A punishing war is due to cast a long shadow over beleaguered Iran

The legacy of a 12-day war with Israel which ended last month will likely be yet more economic hardship, deteriorating living standards and intensifying public distrust.
The legacy of a 12-day war with Israel which ended last month will likely be yet more economic hardship, deteriorating living standards and intensifying public distrust.
While the government portrays the conflict as a strategic victory, mounting evidence suggests a society battered, exhausted and increasingly disillusioned.
Daily life has grown more difficult, strained by chronic water and electricity shortages. Yet, despite the hardship, protests remain rare.

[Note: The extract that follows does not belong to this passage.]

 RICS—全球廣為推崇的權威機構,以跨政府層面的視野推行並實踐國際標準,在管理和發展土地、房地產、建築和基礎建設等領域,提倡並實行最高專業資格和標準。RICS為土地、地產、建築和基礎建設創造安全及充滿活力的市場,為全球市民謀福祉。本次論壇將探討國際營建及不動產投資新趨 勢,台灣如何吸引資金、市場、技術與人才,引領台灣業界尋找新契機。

Beneath this calm lies a deeper frustration, voiced constantly on social media and in testimonials sent to foreign-based Persian-language broadcasters.
No shelters, no answers
While state media continue to glorify the armed forces and the Supreme Leader, many recall a different reality: missile strikes without bomb shelters, ineffective air defenses and a war waged without public support.
The Supreme Leader’s three-week stay in an underground shelter became a symbol of elite insulation. On the ground, thousands of homes were damaged or destroyed, with casualties still likely unreported.
The government’s support for reconstruction has been slow and unclear, evoking comparisons to Khorramshahr, a focus of combat in the Iran-Iraq war which remains mostly ruined decades after the Iran–Iraq War.
The official refrain that “Israeli homes were also destroyed” has brought little comfort.
Economic disruption, official deflection
At the end of the 12-day war, Iran’s Chamber of Commerce acknowledged the war’s serious impact: disrupted trade, blocked currency repatriation and shaken investor confidence.
“Government-led economics cannot improve the situation,” said Isa Mansouri, head of the Chamber’s Research Center.
The warning echoed the view from Tehran’s bazaar and stock exchange: that even limited geopolitical shocks can derail imports and daily commerce.
Pension delays are another flashpoint.
A July 23 report by state news agency ILNA revealed some retirees were still waiting for April payments. Infrastructure damage in Tehran is extensive—over 3,000 housing units were hit in District 4 alone, with no clear timeline for repairs.
To contain the crisis, authorities quietly declared unofficial “holidays” in Tehran, reducing strain on water and power utilities while avoiding transparency.
President Pezeshkian’s claim on Al Jazeera that Israel bombed water resources to deprive Iranians of access was widely ridiculed and seen as deflecting from decades of internal mismanagement.
War’s reach into private life
A study by academic Momeneh Baseri, "The Iran-Israel War and the Change in Iranians' Lifestyle", published June 21 by Azad University, highlights the war’s broad social effects—even among those far from the front lines.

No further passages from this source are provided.